A chart of Imperial and US customary units.

A finger (sometimes fingerbreadth or finger's breadth) is any of several units of length that are approximately the width of an adult human finger. Exactly which part of the finger should be used is not defined; the width at the base of fingernail (#6 in the sketch) is typically less than that at the knuckle (#5).

The digit, also known as digitus or digitus transversus (Latin), dactyl (Greek) or dactylus, or finger's breadth – 3/4 of an inch or 1/16 of a foot (about 2 cm).

In medicine and related disciplines (anatomy, radiology, etc.) the fingerbreadth (literally the width of a finger) is an informal but widely used unit of measure.

In the measurement of distilled spirits, a finger of whiskey refers to the amount of whiskey that would fill a glass to the level of one finger wrapped around the glass at the bottom.
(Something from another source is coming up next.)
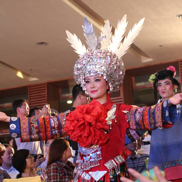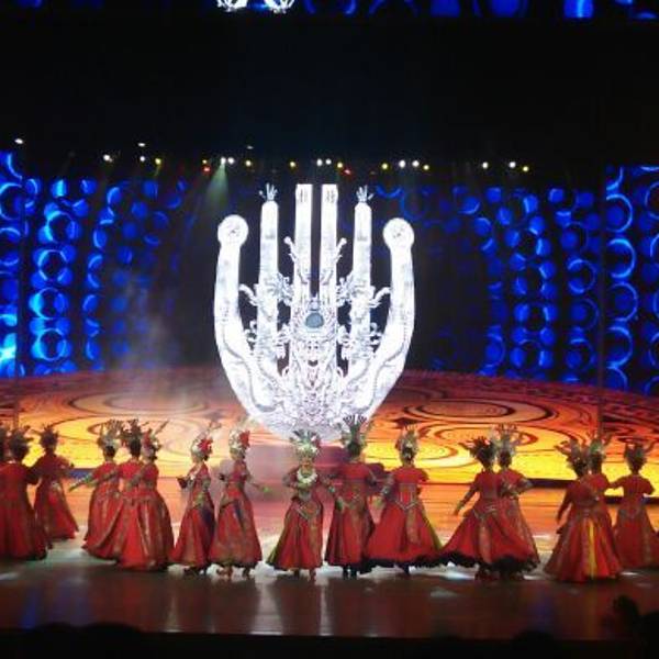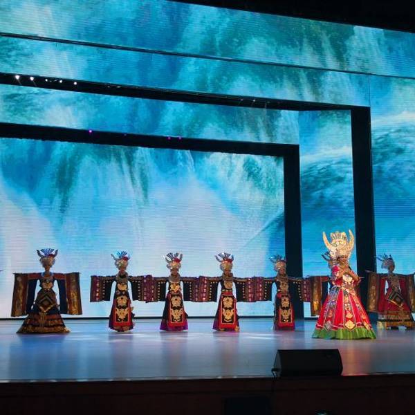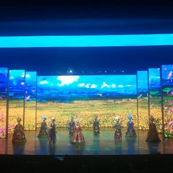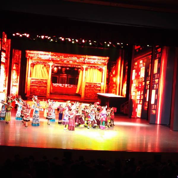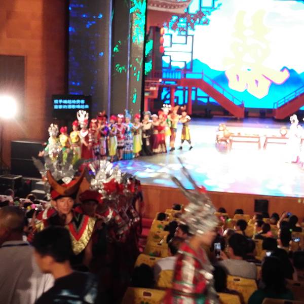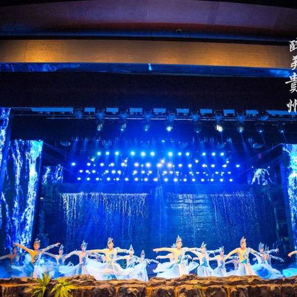 《多彩贵州风》是贵州的大型民族歌舞诗,如果通俗一点,就是一台大型歌舞类民族风情秀。其实本来觉得这些民族的歌舞很老土,结果好像比我想得好多了,一开始就有很多穿着民族衣服的姑娘们早早站到了剧院的大厅当中,好像还挺热闹的,很注重于观众互动的环节,表演各种挺有趣的歌舞。主持人满幽默的,经验丰富。表演一个半小时的时间内,展现了苗族,侗族,布依族,彝族,土家族等各个民族的风情和黄果树、茅台酒等贵州特色,既有漂亮妹子汉子唱歌跳舞,又有苗族勇士上刀山,还有和现场观众的互动环节,整场演出高潮不断精彩纷呈,让游客们迅速领会到了贵州旅游的精彩。她的舞美非常精美、灯光非常诗画、服装非常绚丽、音乐非常动听、舞蹈也非常有特色,构成了贵州山水、自然和人文的互相交融,旅游和文化的互相结合。

Another definition (from Noah Webster): "nearly an inch." "Finger" is also the name for a longer unit used historically in cloth measurement to mean one eighth of a yard or 41/2 inches. (114.3 mm) Again, which finger and whose finger, is not defined.

These units have no legal status but remain in use for 'rough and ready' comparisons.

==See also==
- ('6' in the diagram above)
- (before 1826)
- (from 1826)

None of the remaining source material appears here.